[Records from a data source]
☆ ☆ ☆ ☆ ☆
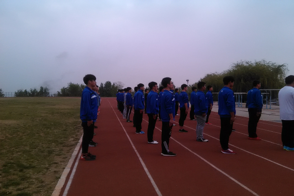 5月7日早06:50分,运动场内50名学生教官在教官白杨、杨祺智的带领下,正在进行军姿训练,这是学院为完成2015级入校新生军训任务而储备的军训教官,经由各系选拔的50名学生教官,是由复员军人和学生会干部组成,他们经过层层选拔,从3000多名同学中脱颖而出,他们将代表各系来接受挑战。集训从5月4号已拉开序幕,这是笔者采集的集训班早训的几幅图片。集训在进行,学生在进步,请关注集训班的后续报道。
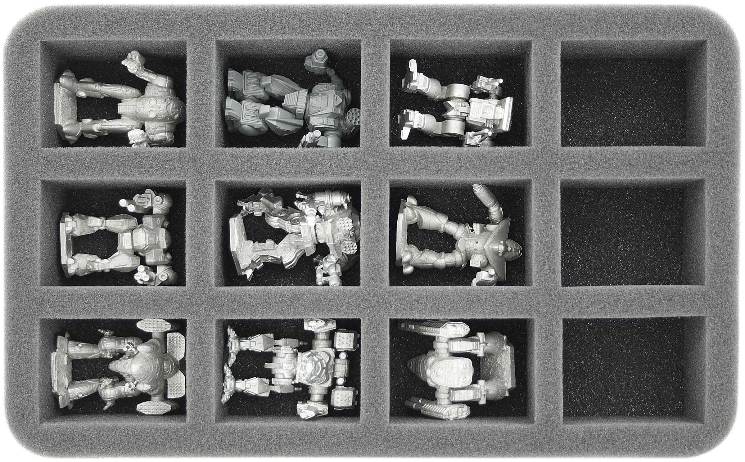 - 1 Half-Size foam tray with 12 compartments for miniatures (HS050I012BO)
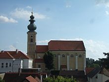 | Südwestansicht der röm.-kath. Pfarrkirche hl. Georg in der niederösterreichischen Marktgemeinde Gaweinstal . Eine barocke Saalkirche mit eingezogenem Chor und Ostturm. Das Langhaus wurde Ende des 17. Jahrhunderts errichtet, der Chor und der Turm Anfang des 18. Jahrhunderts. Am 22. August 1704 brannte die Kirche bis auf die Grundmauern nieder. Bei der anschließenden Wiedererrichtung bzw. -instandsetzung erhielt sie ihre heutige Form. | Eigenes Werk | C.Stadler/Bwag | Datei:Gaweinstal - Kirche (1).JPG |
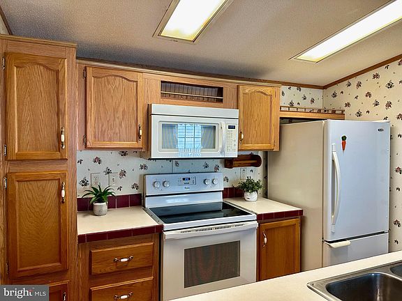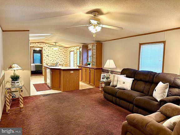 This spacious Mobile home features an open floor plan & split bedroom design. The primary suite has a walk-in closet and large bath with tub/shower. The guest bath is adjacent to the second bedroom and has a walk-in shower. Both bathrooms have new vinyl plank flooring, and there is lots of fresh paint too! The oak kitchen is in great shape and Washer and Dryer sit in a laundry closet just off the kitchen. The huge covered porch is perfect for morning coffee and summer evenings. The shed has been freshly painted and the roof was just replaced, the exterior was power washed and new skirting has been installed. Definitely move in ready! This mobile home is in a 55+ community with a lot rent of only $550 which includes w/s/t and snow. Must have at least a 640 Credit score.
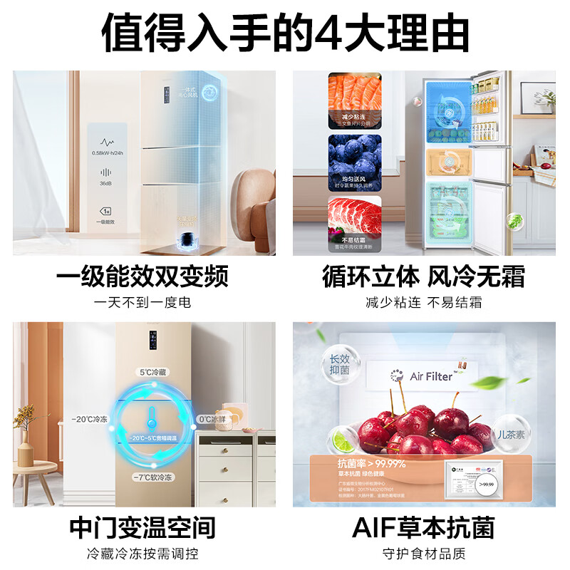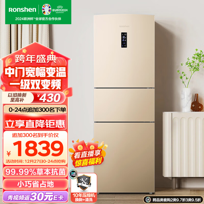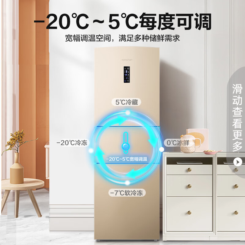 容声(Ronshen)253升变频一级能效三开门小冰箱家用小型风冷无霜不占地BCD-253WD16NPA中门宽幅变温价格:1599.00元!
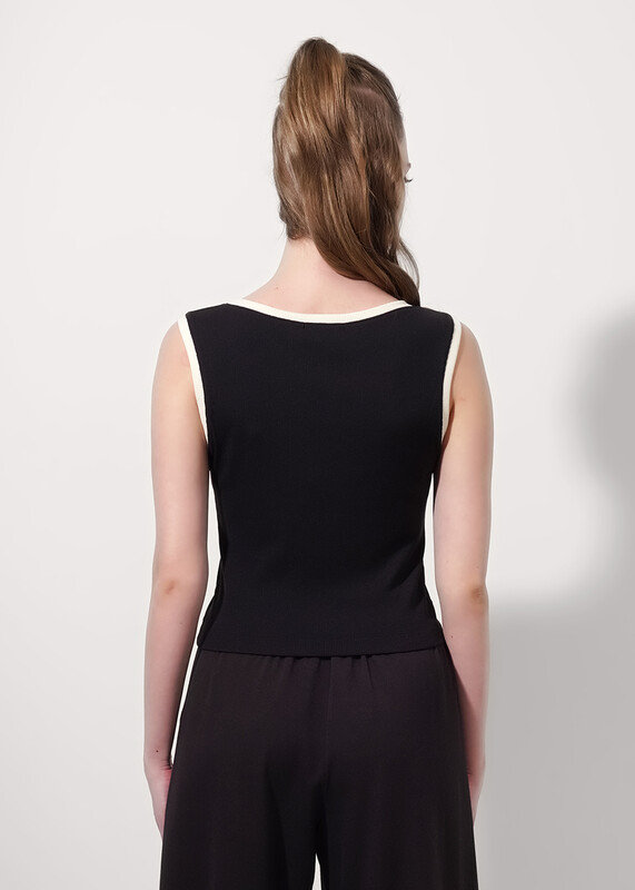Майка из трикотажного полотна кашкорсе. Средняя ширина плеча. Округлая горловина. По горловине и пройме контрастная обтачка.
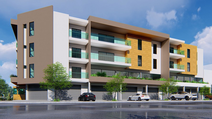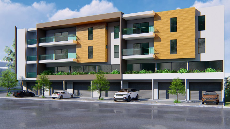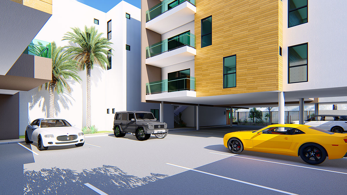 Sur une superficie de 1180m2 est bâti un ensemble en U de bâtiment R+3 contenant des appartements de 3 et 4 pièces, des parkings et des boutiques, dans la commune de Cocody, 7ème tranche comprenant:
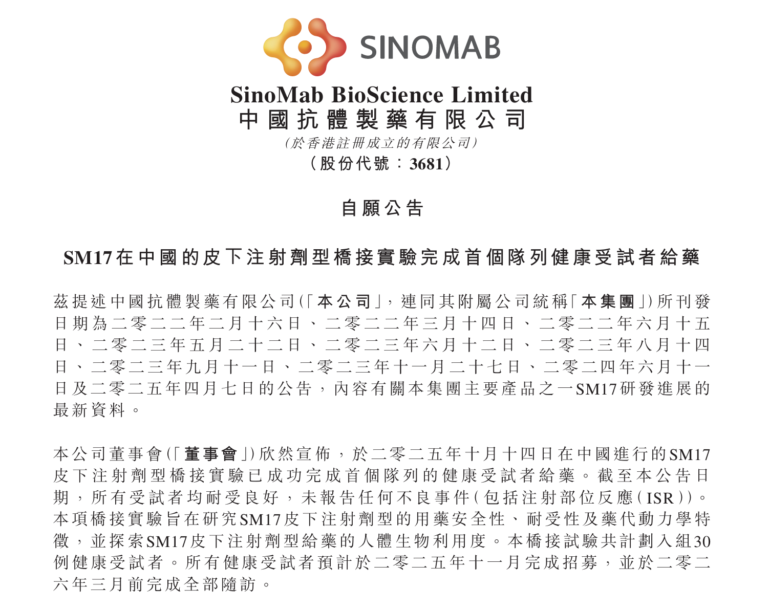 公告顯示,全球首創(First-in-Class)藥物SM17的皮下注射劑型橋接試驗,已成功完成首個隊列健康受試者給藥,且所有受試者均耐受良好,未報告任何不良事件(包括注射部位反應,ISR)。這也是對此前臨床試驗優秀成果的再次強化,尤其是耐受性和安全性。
☆ ☆ ☆ ☆ ☆
## PROMPT
Find the line containing "Майка из трикотажного" in the records above and restate it, and each line after it through the end, word for word, dropping the pictures.

## RESULT BELOW
Майка из трикотажного полотна кашкорсе. Средняя ширина плеча. Округлая горловина. По горловине и пройме контрастная обтачка.
 Sur une superficie de 1180m2 est bâti un ensemble en U de bâtiment R+3 contenant des appartements de 3 et 4 pièces, des parkings et des boutiques, dans la commune de Cocody, 7ème tranche comprenant:
 公告顯示,全球首創(First-in-Class)藥物SM17的皮下注射劑型橋接試驗,已成功完成首個隊列健康受試者給藥,且所有受試者均耐受良好,未報告任何不良事件(包括注射部位反應,ISR)。這也是對此前臨床試驗優秀成果的再次強化,尤其是耐受性和安全性。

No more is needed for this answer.